- [Data records]
((
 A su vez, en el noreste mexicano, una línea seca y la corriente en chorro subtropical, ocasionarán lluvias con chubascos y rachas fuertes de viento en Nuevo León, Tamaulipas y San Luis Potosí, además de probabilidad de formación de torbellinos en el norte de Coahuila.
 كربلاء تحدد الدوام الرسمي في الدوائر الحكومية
))
((
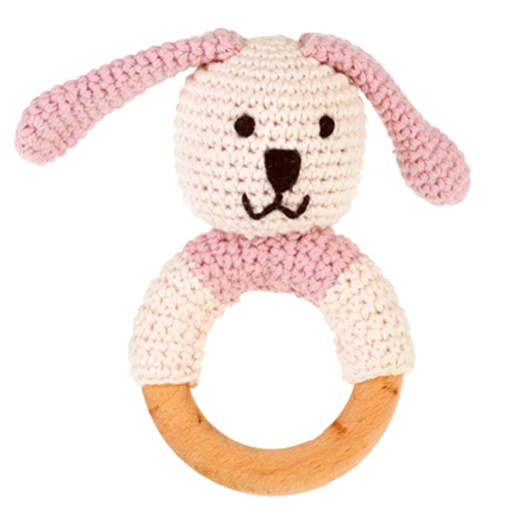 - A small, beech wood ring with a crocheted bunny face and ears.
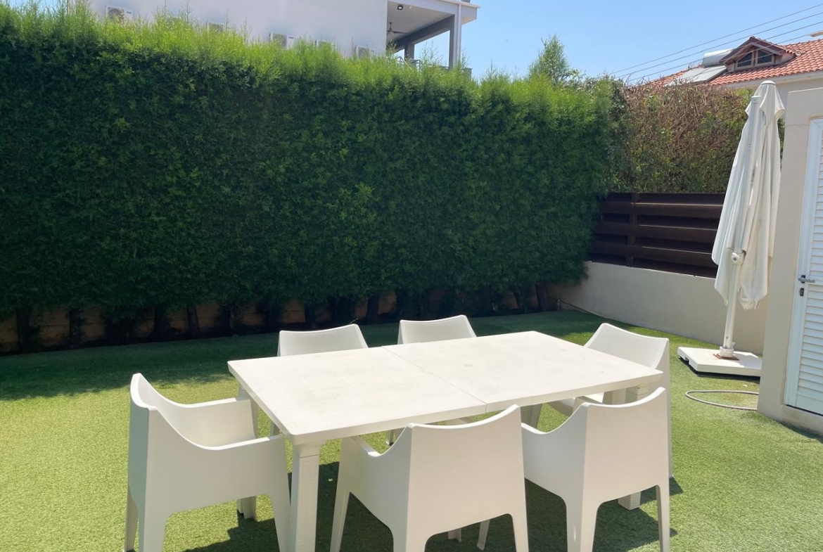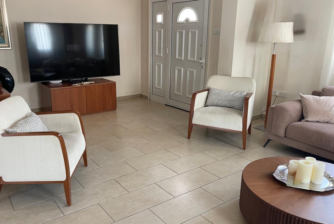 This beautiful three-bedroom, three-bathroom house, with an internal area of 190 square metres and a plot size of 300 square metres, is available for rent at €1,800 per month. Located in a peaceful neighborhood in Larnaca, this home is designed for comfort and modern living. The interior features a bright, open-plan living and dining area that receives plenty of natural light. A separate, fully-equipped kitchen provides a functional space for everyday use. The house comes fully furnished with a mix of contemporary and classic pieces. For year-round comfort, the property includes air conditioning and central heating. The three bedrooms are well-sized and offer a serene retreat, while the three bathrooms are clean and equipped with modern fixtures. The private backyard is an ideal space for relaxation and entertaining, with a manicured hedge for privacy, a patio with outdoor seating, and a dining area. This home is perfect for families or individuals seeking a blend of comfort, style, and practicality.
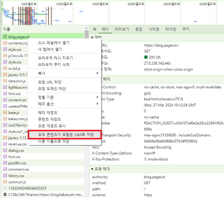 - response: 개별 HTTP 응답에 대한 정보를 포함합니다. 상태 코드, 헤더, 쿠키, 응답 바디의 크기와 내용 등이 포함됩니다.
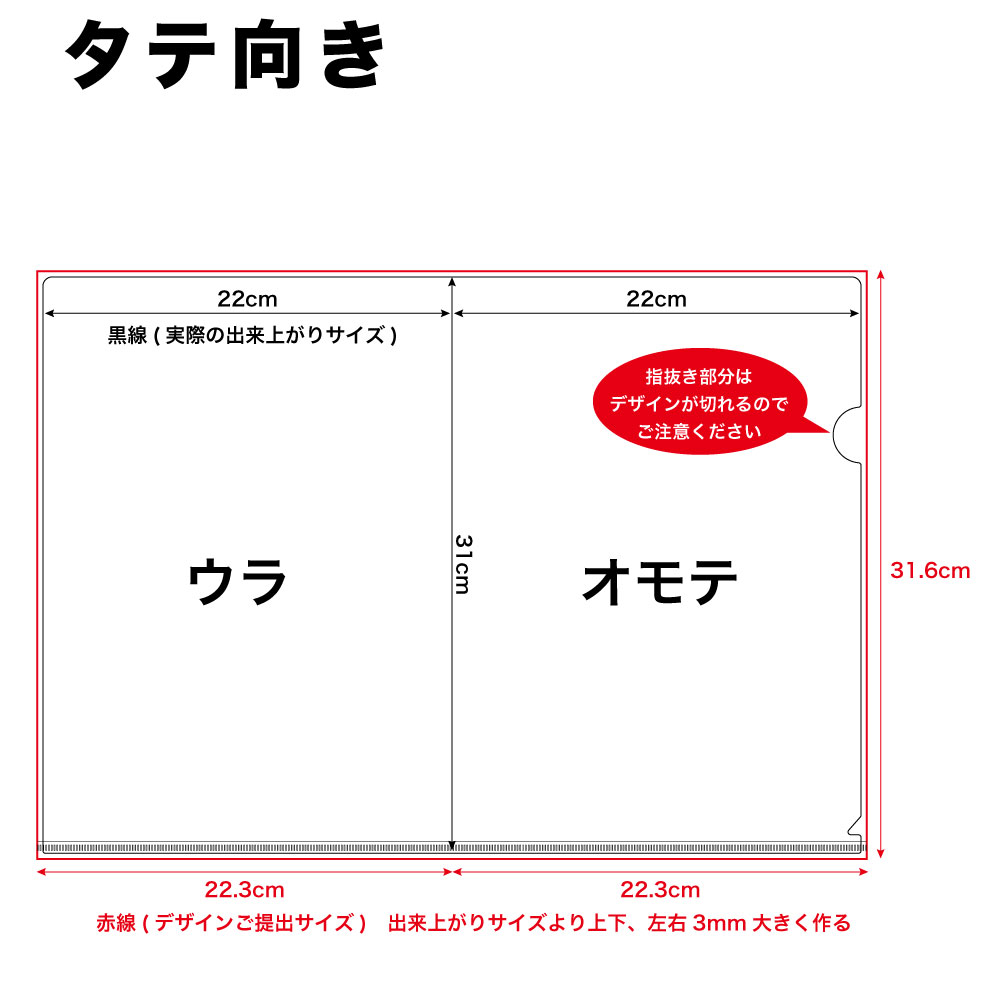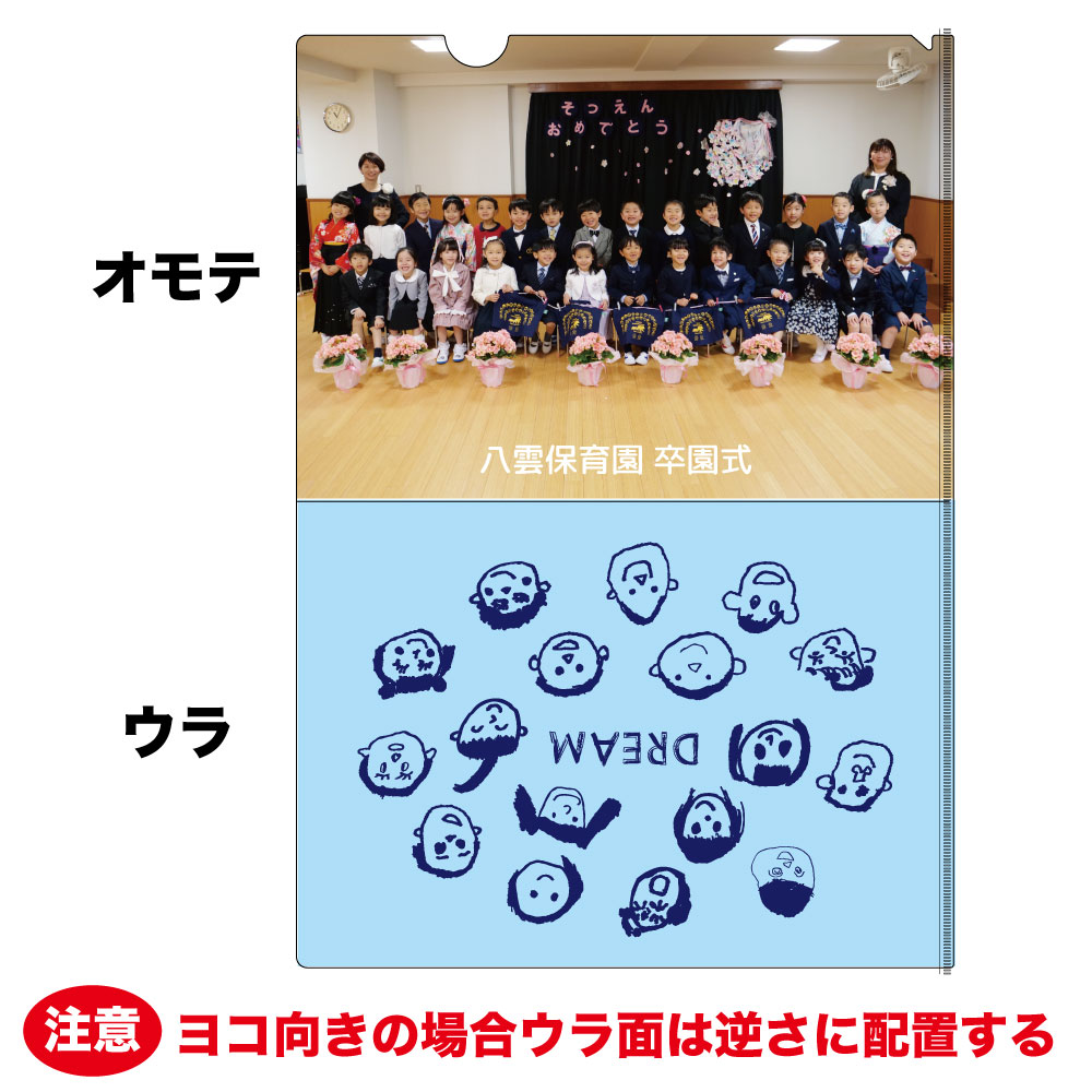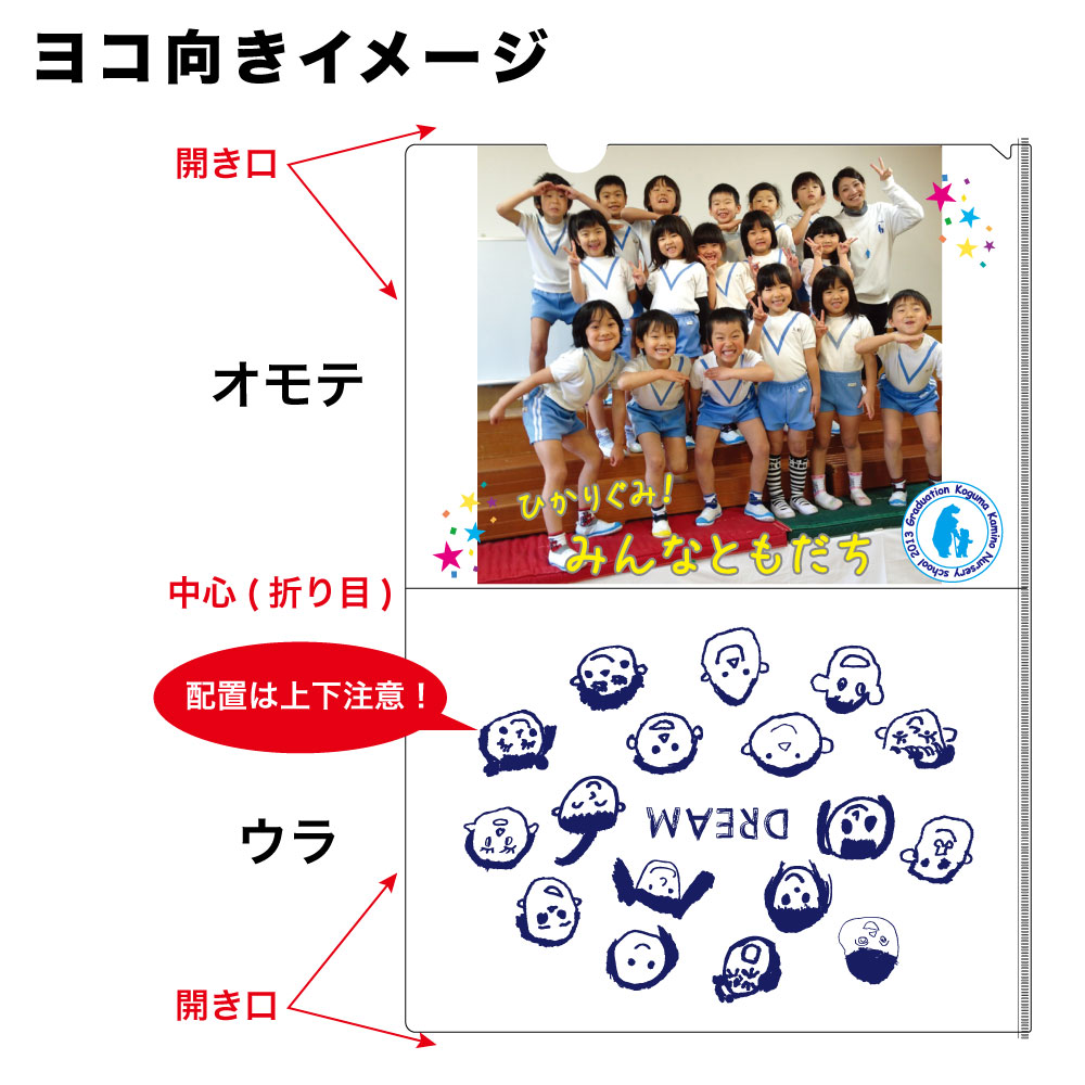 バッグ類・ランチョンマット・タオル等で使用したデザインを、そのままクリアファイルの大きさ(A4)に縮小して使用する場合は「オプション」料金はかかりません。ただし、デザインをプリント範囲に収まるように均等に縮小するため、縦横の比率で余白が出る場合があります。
))
- [Exercise objective]
Using the data above, retype exactly and only the lines from the one containing "- response: 개별" up to and including the one containing "バッグ類・ランチョンマット・", with no pictures carried over.

- [Result below]
 - response: 개별 HTTP 응답에 대한 정보를 포함합니다. 상태 코드, 헤더, 쿠키, 응답 바디의 크기와 내용 등이 포함됩니다.
 バッグ類・ランチョンマット・タオル等で使用したデザインを、そのままクリアファイルの大きさ(A4)に縮小して使用する場合は「オプション」料金はかかりません。ただし、デザインをプリント範囲に収まるように均等に縮小するため、縦横の比率で余白が出る場合があります。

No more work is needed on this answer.